# Problem description
Among the entries below, the lines from the one with "- 河南EMS质量管理体系认证证书详解:认证种类与流程概述" up to and including the one with "Library's collection Library's" are to be restated exactly, without pictures.

# Listed records

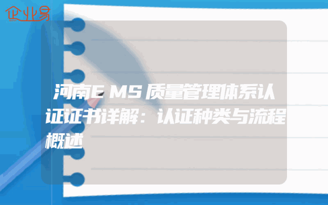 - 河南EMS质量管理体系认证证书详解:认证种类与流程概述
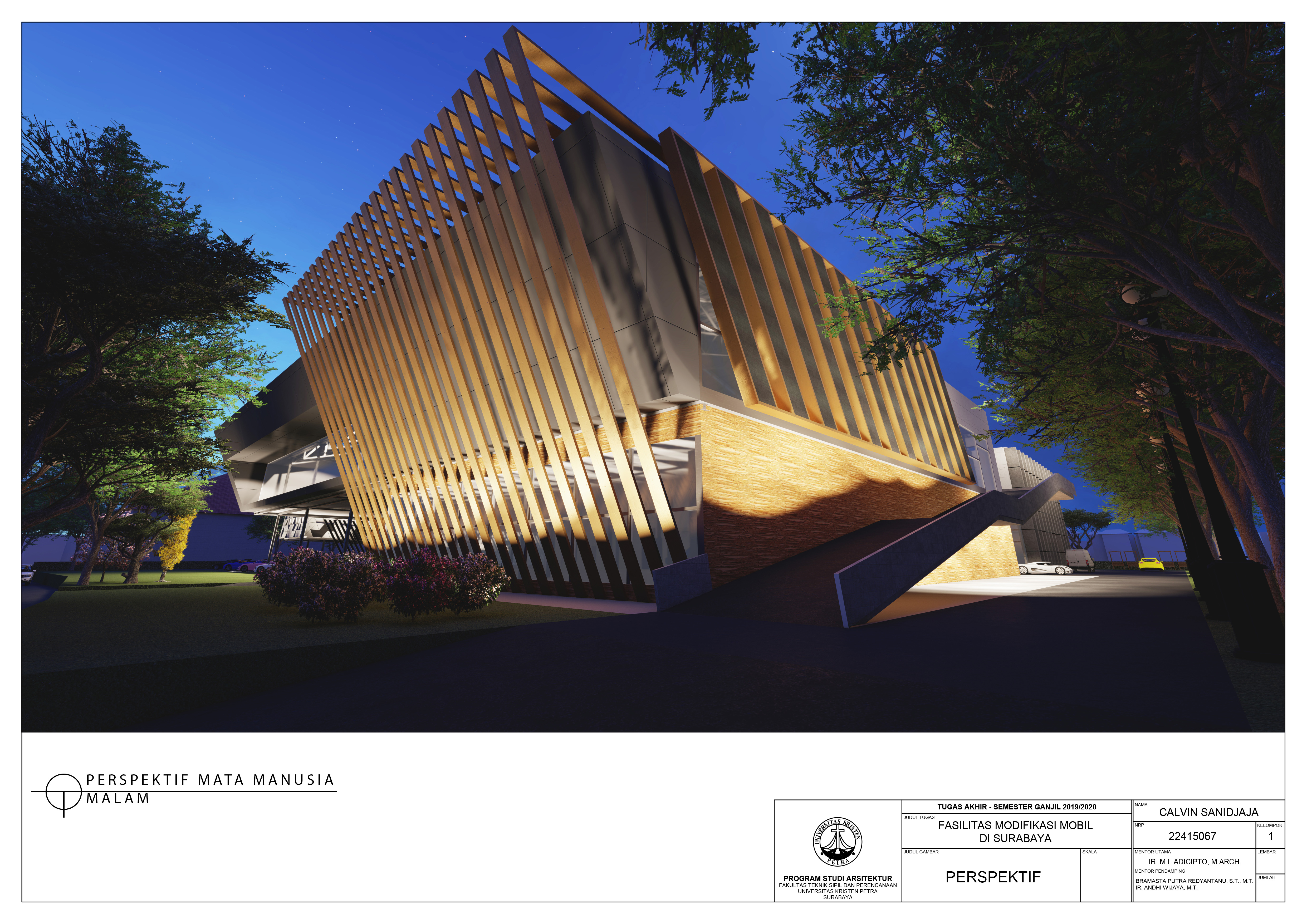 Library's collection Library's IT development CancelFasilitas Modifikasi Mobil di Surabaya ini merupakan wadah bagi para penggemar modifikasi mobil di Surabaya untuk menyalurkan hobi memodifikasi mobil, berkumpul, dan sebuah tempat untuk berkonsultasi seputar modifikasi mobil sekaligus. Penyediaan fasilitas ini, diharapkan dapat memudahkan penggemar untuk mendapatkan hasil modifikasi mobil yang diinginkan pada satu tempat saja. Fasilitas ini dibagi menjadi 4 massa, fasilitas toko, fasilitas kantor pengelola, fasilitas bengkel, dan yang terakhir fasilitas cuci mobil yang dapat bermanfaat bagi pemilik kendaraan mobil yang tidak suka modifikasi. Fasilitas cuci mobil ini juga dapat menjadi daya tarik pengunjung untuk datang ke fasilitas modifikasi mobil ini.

...

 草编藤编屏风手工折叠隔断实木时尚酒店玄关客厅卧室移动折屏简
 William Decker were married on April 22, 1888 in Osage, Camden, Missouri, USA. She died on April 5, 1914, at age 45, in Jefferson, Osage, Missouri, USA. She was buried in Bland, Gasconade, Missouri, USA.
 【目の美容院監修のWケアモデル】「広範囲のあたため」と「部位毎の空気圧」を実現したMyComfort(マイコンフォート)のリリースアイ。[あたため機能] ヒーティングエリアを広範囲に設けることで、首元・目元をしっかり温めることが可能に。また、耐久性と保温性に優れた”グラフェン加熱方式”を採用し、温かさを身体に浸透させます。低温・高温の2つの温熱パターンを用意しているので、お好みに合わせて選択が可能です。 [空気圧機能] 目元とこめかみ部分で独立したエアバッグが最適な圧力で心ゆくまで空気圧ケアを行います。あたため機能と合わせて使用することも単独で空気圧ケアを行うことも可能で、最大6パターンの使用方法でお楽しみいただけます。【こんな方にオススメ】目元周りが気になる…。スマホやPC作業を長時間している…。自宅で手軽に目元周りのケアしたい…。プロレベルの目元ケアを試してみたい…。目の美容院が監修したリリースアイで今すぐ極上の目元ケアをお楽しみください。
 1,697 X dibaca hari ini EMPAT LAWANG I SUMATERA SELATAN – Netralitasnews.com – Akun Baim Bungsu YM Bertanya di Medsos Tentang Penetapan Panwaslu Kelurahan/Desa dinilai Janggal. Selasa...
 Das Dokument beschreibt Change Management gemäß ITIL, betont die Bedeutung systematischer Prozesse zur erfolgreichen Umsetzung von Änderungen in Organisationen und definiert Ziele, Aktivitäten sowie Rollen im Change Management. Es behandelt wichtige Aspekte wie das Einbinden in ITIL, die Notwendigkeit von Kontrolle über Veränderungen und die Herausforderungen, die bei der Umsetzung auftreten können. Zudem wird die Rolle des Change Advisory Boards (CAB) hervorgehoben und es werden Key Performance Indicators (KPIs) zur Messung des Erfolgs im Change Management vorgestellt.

# Result for this task
 - 河南EMS质量管理体系认证证书详解:认证种类与流程概述
 Library's collection Library's IT development CancelFasilitas Modifikasi Mobil di Surabaya ini merupakan wadah bagi para penggemar modifikasi mobil di Surabaya untuk menyalurkan hobi memodifikasi mobil, berkumpul, dan sebuah tempat untuk berkonsultasi seputar modifikasi mobil sekaligus. Penyediaan fasilitas ini, diharapkan dapat memudahkan penggemar untuk mendapatkan hasil modifikasi mobil yang diinginkan pada satu tempat saja. Fasilitas ini dibagi menjadi 4 massa, fasilitas toko, fasilitas kantor pengelola, fasilitas bengkel, dan yang terakhir fasilitas cuci mobil yang dapat bermanfaat bagi pemilik kendaraan mobil yang tidak suka modifikasi. Fasilitas cuci mobil ini juga dapat menjadi daya tarik pengunjung untuk datang ke fasilitas modifikasi mobil ini.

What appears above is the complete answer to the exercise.